In this way, the output on each device is only half the logical output, which shape is $$2\times8$$. The output on both devices combind together to produce the logically complete output. Note that because the data is distributed to two devices, the backpropagation process will get different values for $$\frac{\partial loss}{\partial w}$$, if the models are updated directly using the gradients on each device, it would cause the models on the two devices to be inconsistent, and the training would be meaningless(Which model should be used?).

Therefore, in the process of backpropagation under data parallelism strategy, the gradients on each device should do AllReduce before use, which ensures the model on each device is always consistent.

When the dataset is large and the model is small, and the communication cost for the gradients synchronization is small in the backpropagation process, so it is more advantageous to choose data parallelism in this situation. For example, the common vision classification model, such as ResNet50, is more suitable to use data parallelism strategy.

### Model Parallelism¶

When the neural network is very large, the cost of gradients synchronization will be very high, moreover, the network may be too large to be stored in a single computing device, then the model parallelism strategy can be used.

The so called model parallelism is that the data on each device is complete and consistent, while the model $$w$$ is split into different devices, each device only has a part of the model, all the parts of model on the computing device put together forms the complete model.

As shown in the figure below, $$w$$ is split evenly into two devices by the first dimension, each with a full $$x$$. The output on both devices also needs to be combind together to get the logical output. The benefit of model parallelism is that it eliminates the gradient AllReduce between multiple devices. However, since each device requires complete input data, the input is broadcasted among multiple devices with some communication cost. For example, the $$out~(4\times8)$$ shown above needs to be broadcast to both devices if it is the input of the next layer.

Language models, such as BERT, often use model parallelism.

### Pipelining Parallelism¶

When the neural network is too large to be stored on a single device, in addition to the above parallel strategies, we can also choose pipelining parallel strategy. Pipelining paralelism divides the network into stages and places it to different computing devices, each of which completes the training in a "relay" manner.

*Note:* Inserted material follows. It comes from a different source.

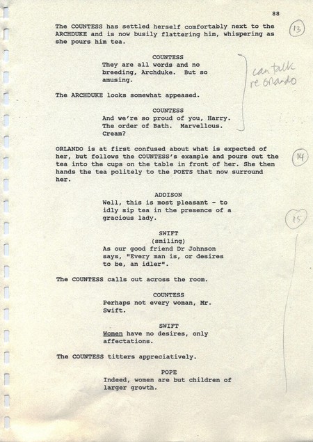Description Revised draft script for Orlando, black printed text on white A4 paper with annotations in pencil, page 88, front
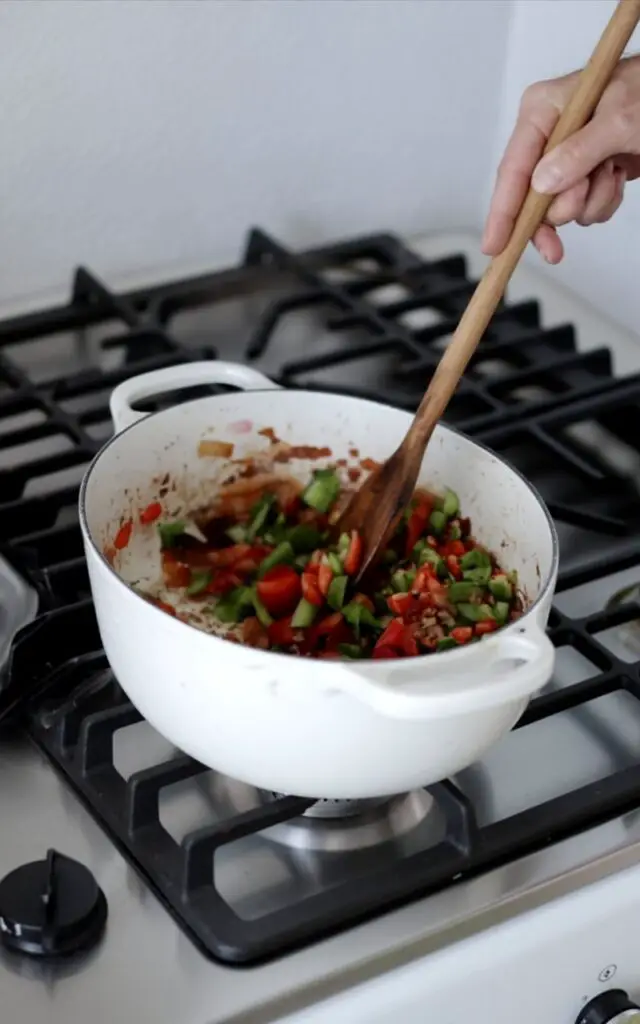Once the onions are well browned and sweet, add the minced garlic and diced bell peppers to the pot. Increase the heat to low-medium and cook for another 6-8 minutes, stirring occasionally, until the peppers have softened and the garlic is fragrant.

The figure below shows how to run with pipelining parallelism with a logical four-layer network (T1 to T4).

The four-layer network is divided into two computing devices, so that the T1 and T2 are placed to GPU0 and T3 and T4 are placed to GPU1.

After computing the first two layers on GPU0, its output is treated as the input of GPU1 to continue computation of the next two layers. ### Hybrid Parallelism¶

You can also mix with a variety of parallelism strategies when training a network, take GPT-3 as an example, the parallelism strategy for training could be like this:

This large GPT network is partitioned into 64 stages, with each stage running on 6 DGX-A100s. The workload among the 6 machines is trained with data parallelism, while the workload among GPUs inside each machine is trained with model parallelism. The 3072 A100s in the entire cluster are divided into a matrix of $$6\times8\times64$$, and then train the model using data parallelism, model parallelism and pipeline parallelism simultaneously. The choice of parallelism strategy affects the efficiency of training. Whether the interface of framework supports parallelism well also determines the efficiency of algorithm engineer. OneFlow's system-level design and innovation for distributed training will help users to get comfortable well with distributed training. The related examples will be shown in other articles on this topic.